Author:
Villamediana L. M.,García-Villalón Angel L.,Caramelo Carlos,López-Novoa José M.
Abstract
The present experiments were designed to evaluate vascular reactivity to angiotensin II in rats with experimental cirrhosis of the liver (induced with CCl4 and phenobarbital) before ascites appearance. The systemic pressor response to angiotensin II in conscious animals and the contractile effect of angiotensin II in isolated femoral arteries were studied. In addition, the effect of high sodium intake on these parameters was also analyzed.
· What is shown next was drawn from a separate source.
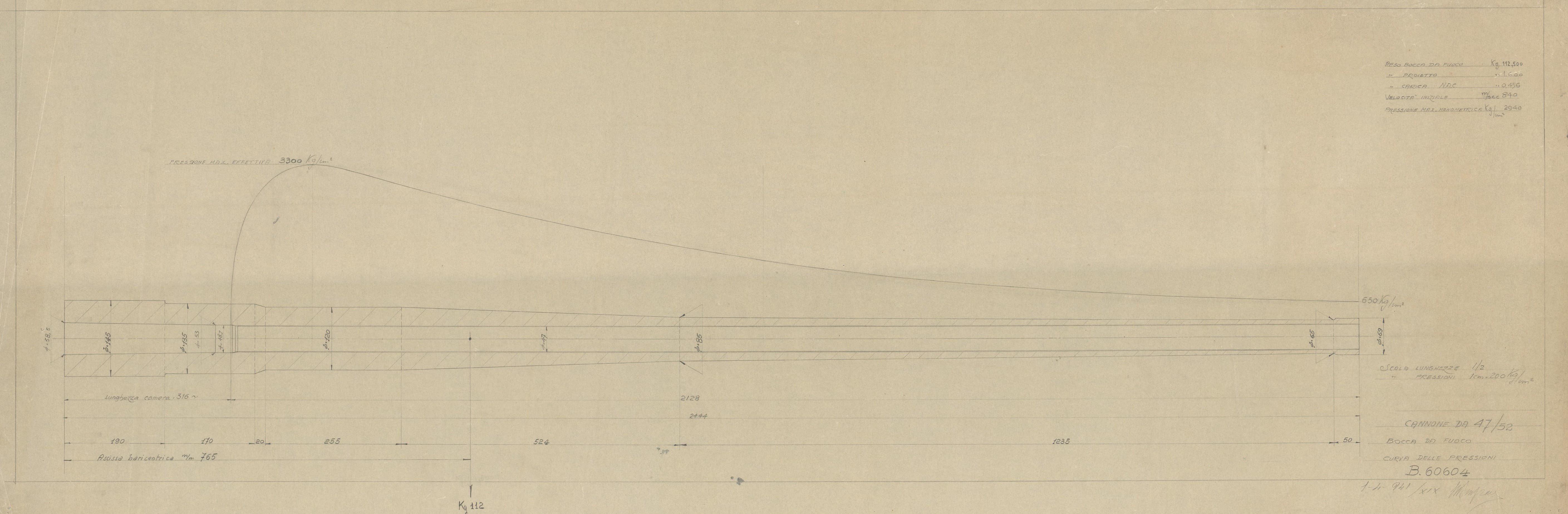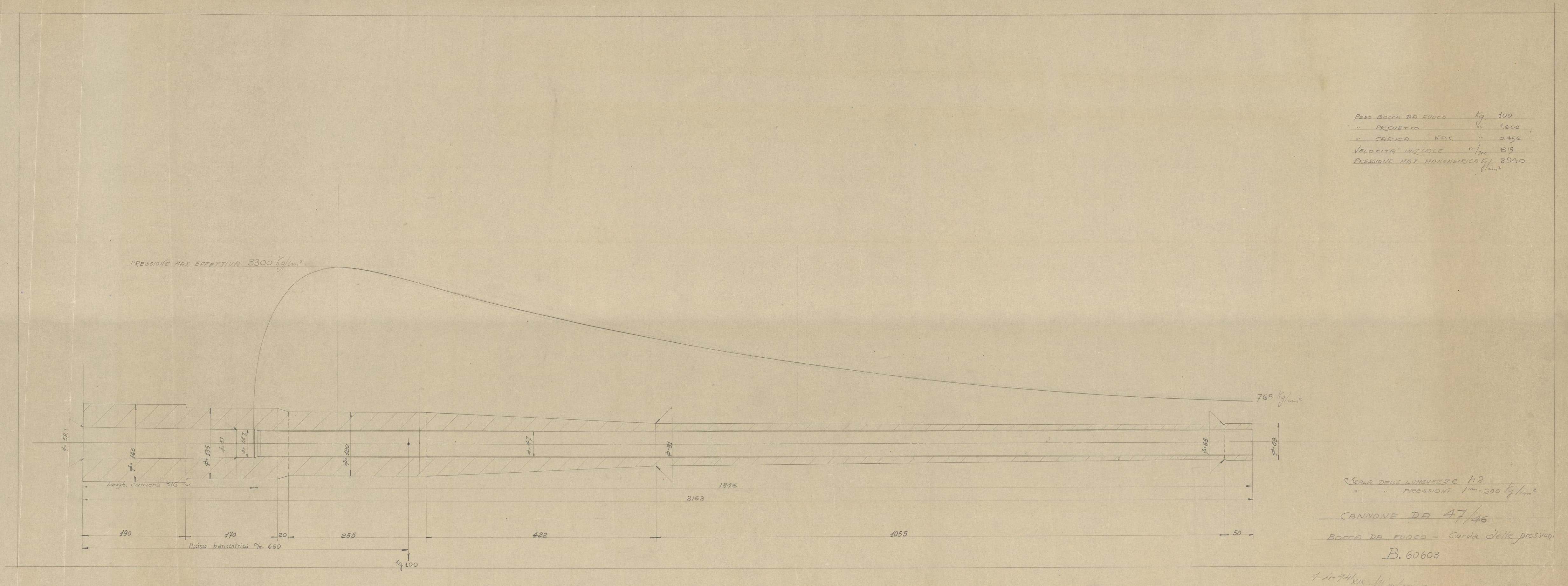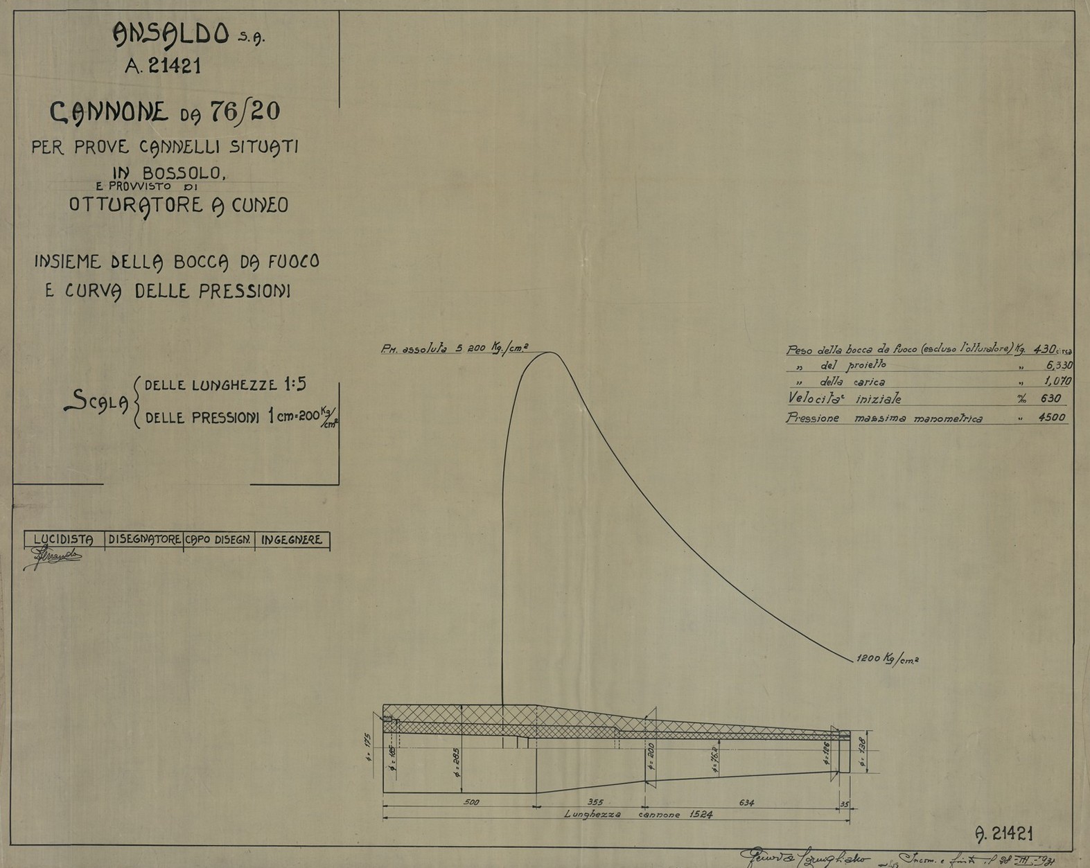 Cannone da 76/20 - bocca da fuoco e curva delle pressioni

Both renin and aldosterone plasma concentrations were similar in control and cirrhotic rats on the normal or on the high sodium diet. Basal mean arterial pressure was higher in control rats than in cirrhotic rats on the normal sodium (116 ± 4 vs. 101 ± 4 mmHg (1 mmHg = 133.3 Pa),p < 0.05) or on the high sodium diet (118 ± 7 vs. 98 ± 6 mmHg). No differences in plasma renin activity or plasma aldosterone were found between control and cirrhotic rats. Upon injection of angiotensin II, control rats show a dose-dependent increase in mean arterial pressure which is higher in high sodium than in normal sodium rats. Cirrhotic rats showed a lower hypertensive response to angiotensin II than their corresponding control rats. In addition, no difference between pressor responses to angiotensin II was observed when normal sodium and high sodium cirrhotic rats were compared. On application of angiotensin II, femoral arteries of control and cirrhotic rats exhibited a dose-dependent contraction. However, maximal contraction was higher in high sodium control rats (145 ± 12 mg) than in normal sodium control rats (99 ± 6 mg, p < 0.05). No significant differences between control and cirrhotic rats on either sodium diet were observed. In conclusion, cirrhotic, nonascitic rats showed an impaired pressor response to angiotensin II that is more marked after a high sodium diet. These differences are not due to changes in the contractility of peripheral arteries to angiotensin II.Key words: angiotensin II, liver cirrhosis, sodium intake, mean arterial pressure, vascular reactivity.
Publisher
Canadian Science Publishing
Subject
Physiology (medical),Pharmacology,General Medicine,Physiology
Cited by
11 articles.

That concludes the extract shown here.